VMware high availabilityWith the massive number of servers running SQL Server within virtual machines (VMs), it's critically important for DBAs to understand the high availability options available when SQL Server is running within a VM. When VMware's vSphere platform is configured within a cluster at the host level, vSphere provides a certain degree of high availability, without any high availability configurations within the guest OS or SQL Server. Because the high availability options are provided by the vSphere host, high availability is provided for all versions and editions of SQL Server, from the Express edition to the Enterprise edition and from SQL Server 6.5 to SQL Server 2012.

After discussing the level of protection provided by the vSphere platform, I'll discuss the high availability features that make this protection possible. They include vMotion, vSphere Distributed Resource Scheduler (DRS), vSphere HA, Fault Tolerance, and maintenance mode.

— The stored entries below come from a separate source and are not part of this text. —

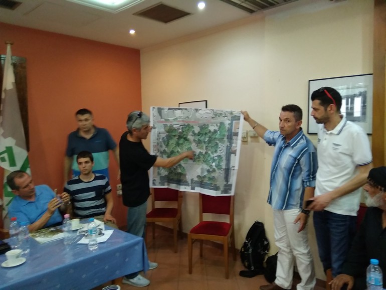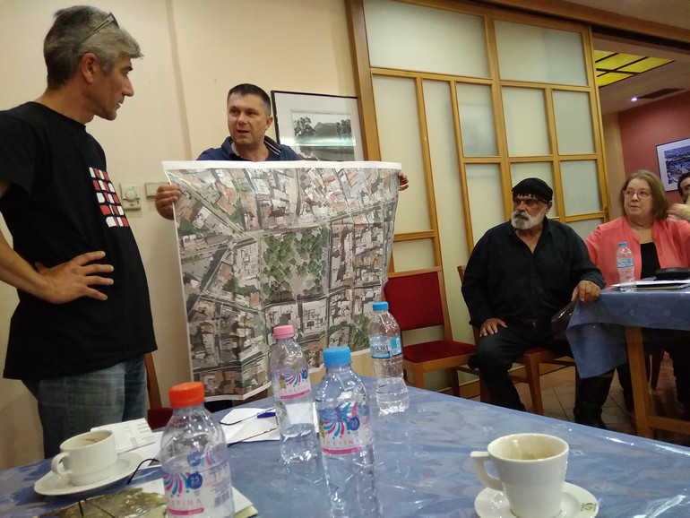-Η οργάνωση (χάρτες πλατείας) και το πανό της εξέδρας πίσω από τους ομιλητές.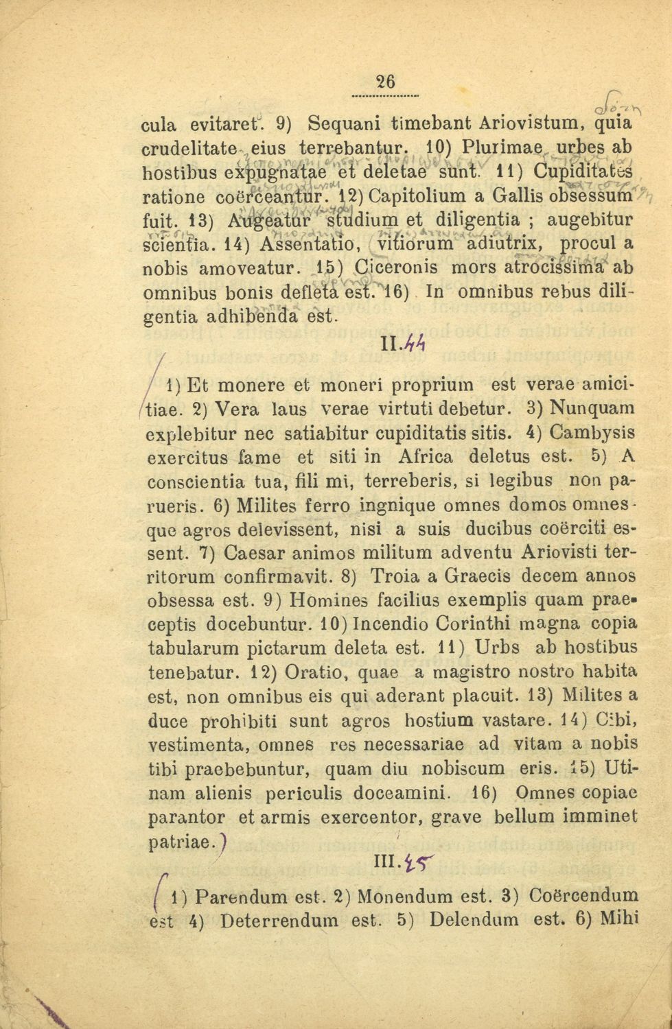 Βαθμίδα εκπαίδευσης: Δευτεροβάθμια Τάξη: Γ' Ελληνικού Σχολείου / Α' Γυμνασίου Μάθημα: Λατινικά Γλώσσα: Καθαρεύουσα Παρουσίαση περιεχομένου: Σχολικό εγχειρίδιο Λατινικών Γ' Ελληνικού Σχολείου και Α΄ Γυμνασίου που περιλαμβάνει κείμενα για τη διδασκαλία των γραμματικών και συντακτικών φαινομένων, ερμηνευτικά και πραγματολογικά σχόλια και λεξιλόγιο. |
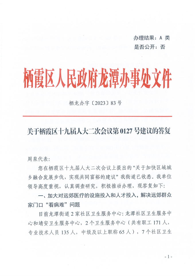 棲龍辦字[2023]83號關于棲霞區十九屆人大二次會議第0127號建議的答復
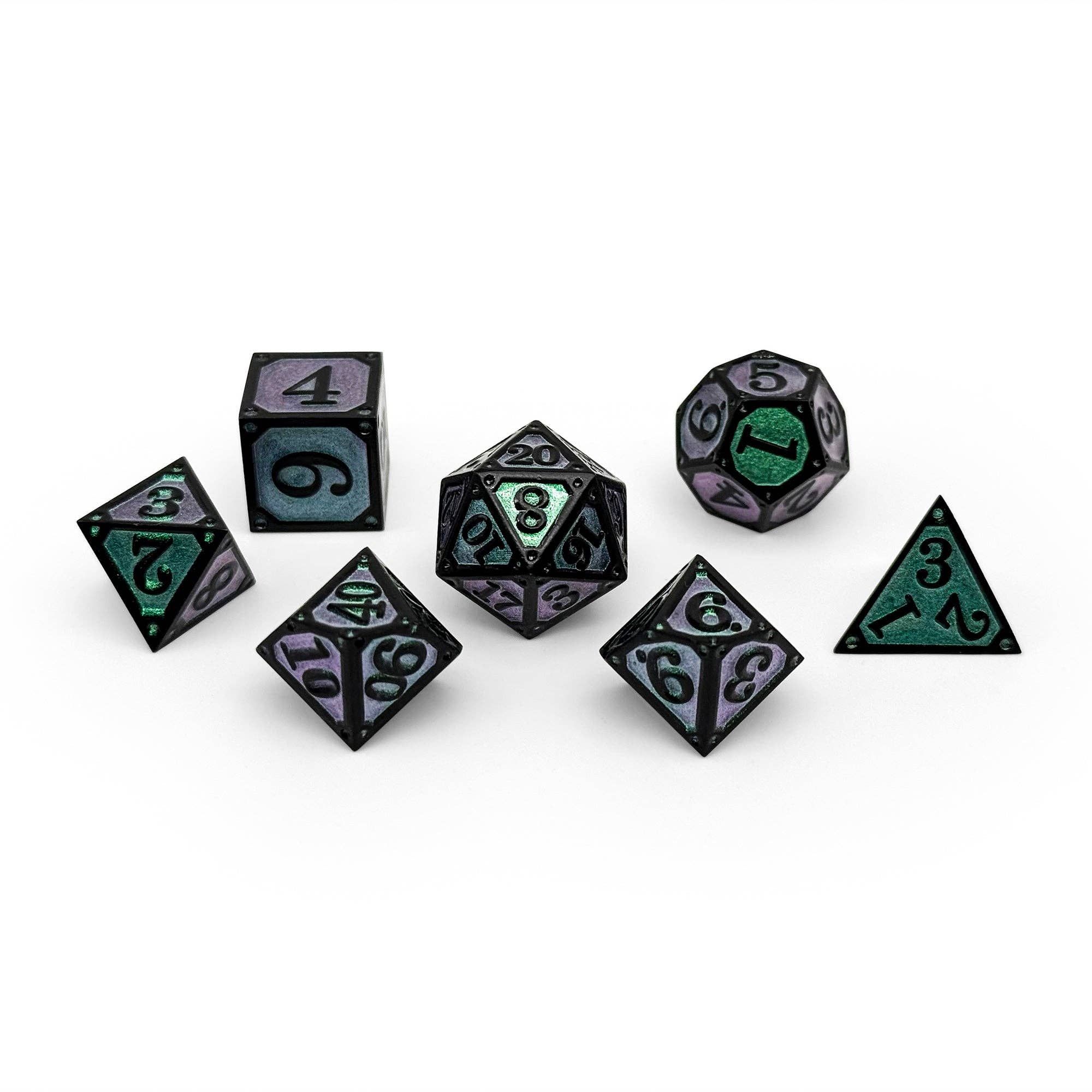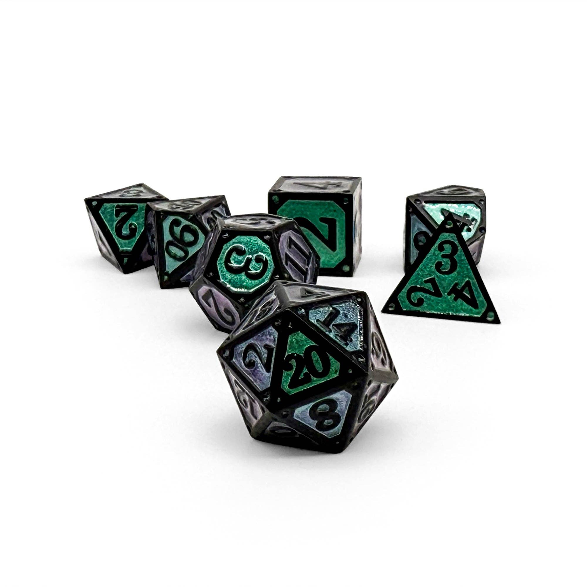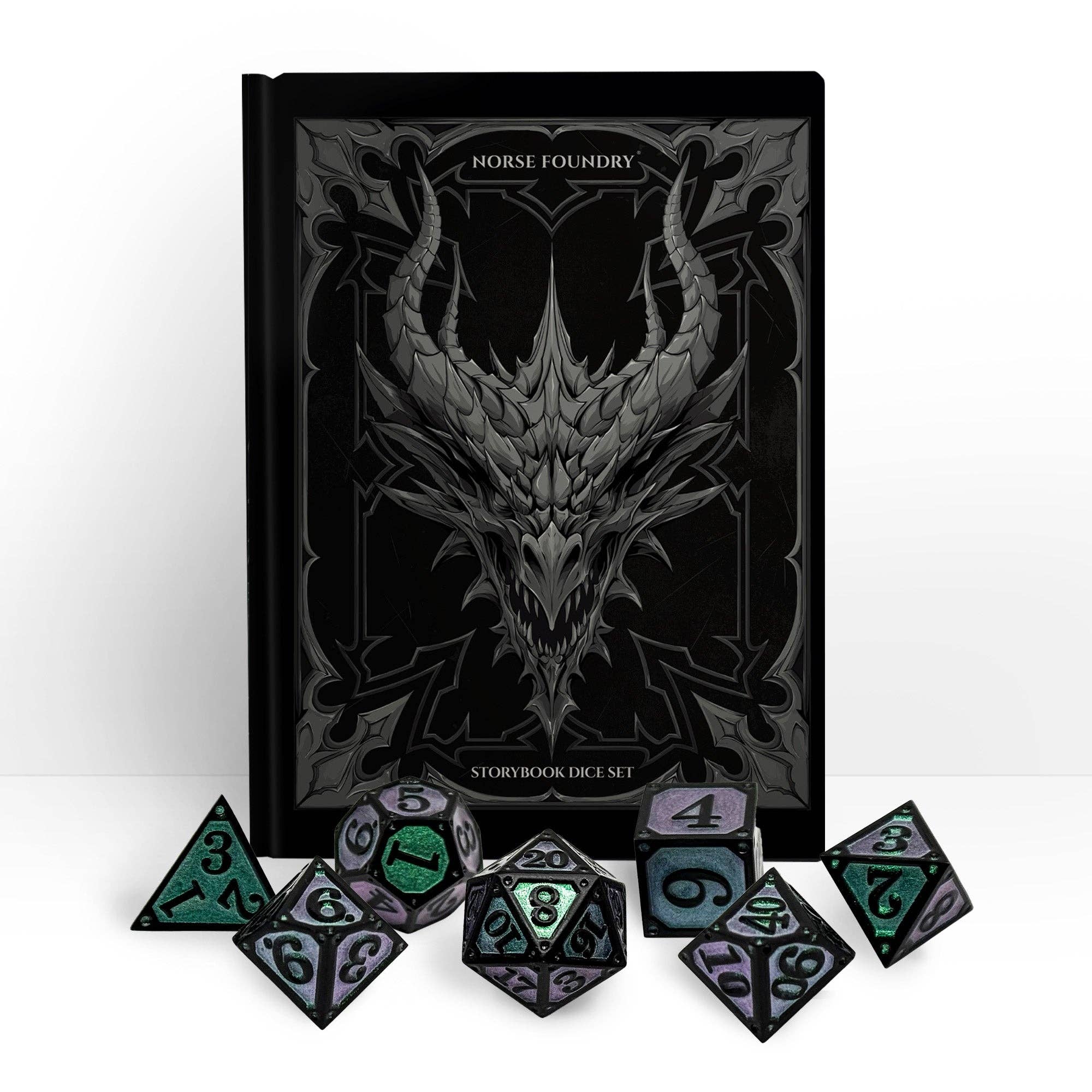 Beneath tangled canopies where sunlight dares not linger lies the Storybook – The Twisted Forest dice set. Cloaked in shadowy black and filled with a haunting transparent green, these dice evoke the mysteries of ancient woods where paths shift, roots writhe, and every roll may reveal friend or foe. Step carefully — for within these depths, fate itself is entwined.

Understanding the Level of Protection

The beauty of the vSphere platform is that every VM within the vSphere cluster gets the same level of protection automatically. However, the level of protection that's provided when running SQL Server within a VM isn't designed to handle all potential failures. For example, if the guest OS needs to be rebooted, the host-level protection offered by the vSphere platform won't offer any protection.

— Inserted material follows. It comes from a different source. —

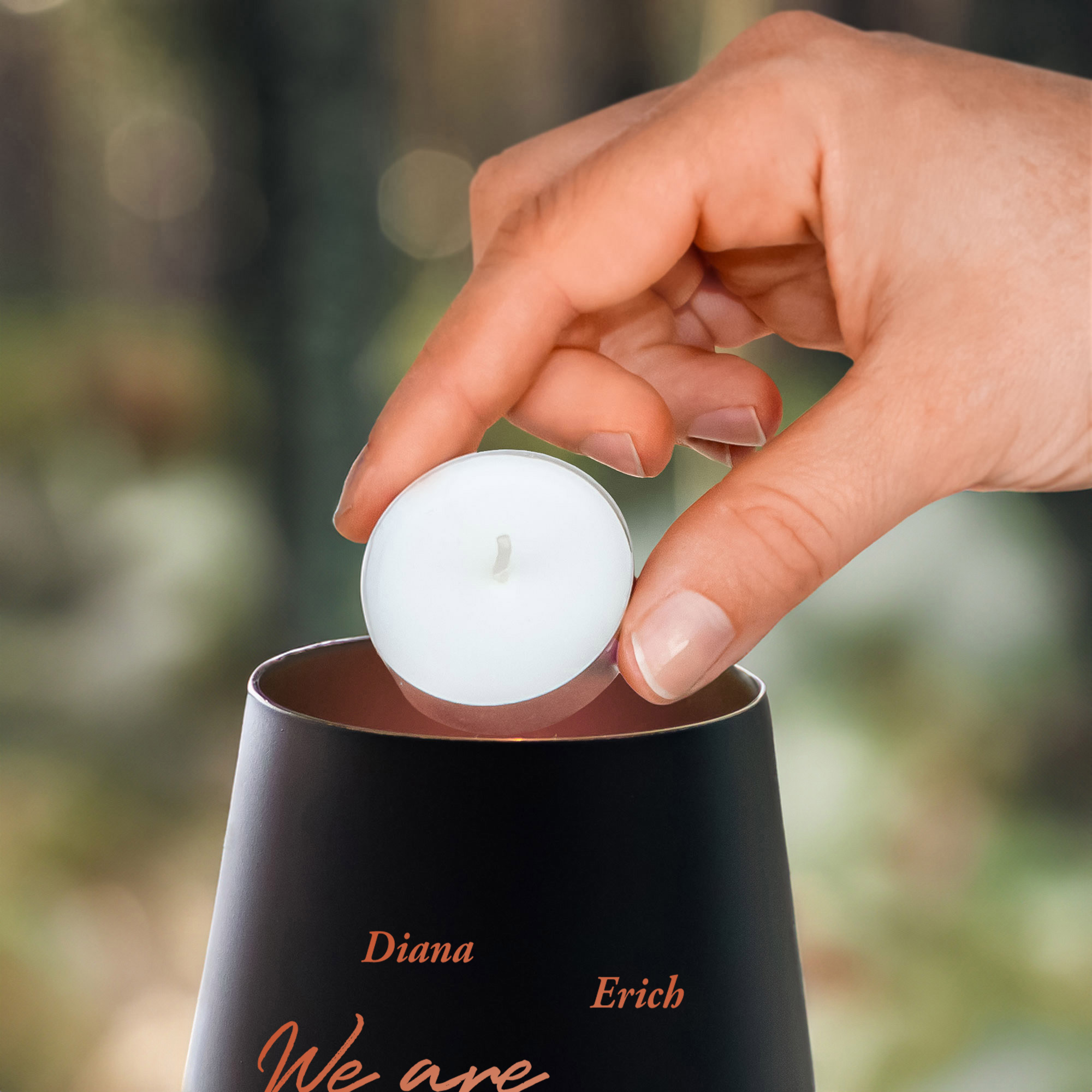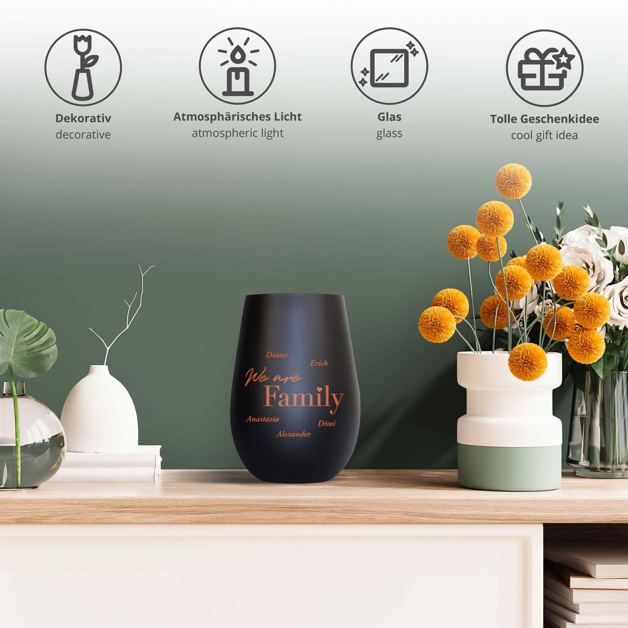 Dieses hochwertige Windlicht aus schwarzem Glas mit bronzefarbener Gravur überzeugt durch seine warme und elegante Ausstrahlung. Das Motiv We are Family wird mit den Namen Ihrer Liebsten ergänzt und macht das Windlicht zu einem ganz persönlichen Highlight. Die dezente Bronzeoptik verleiht dem Design eine besondere Tiefe und einen stilvollen Charakter.

Where the vSphere platform excels is its ability to protect the VM from host failures and host restarts. It'll bring the SQL Server instance back up pretty quickly, although it won't protect SQL Server from terminated transactions.

Balancing Workloads with vMotion

The Enterprise and Enterprise Plus editions of vSphere include the ability to balance workloads between physical hosts. This ensures that all VMs running within the vSphere environment have the maximum amount of CPU resources available at all times. To accomplish this, vSphere automatically triggers the vMotion process to move VMs from one host to another, based on the current CPU and memory workload on each server. This behind-the-scenes process is totally invisible to the software running within the VM being moved.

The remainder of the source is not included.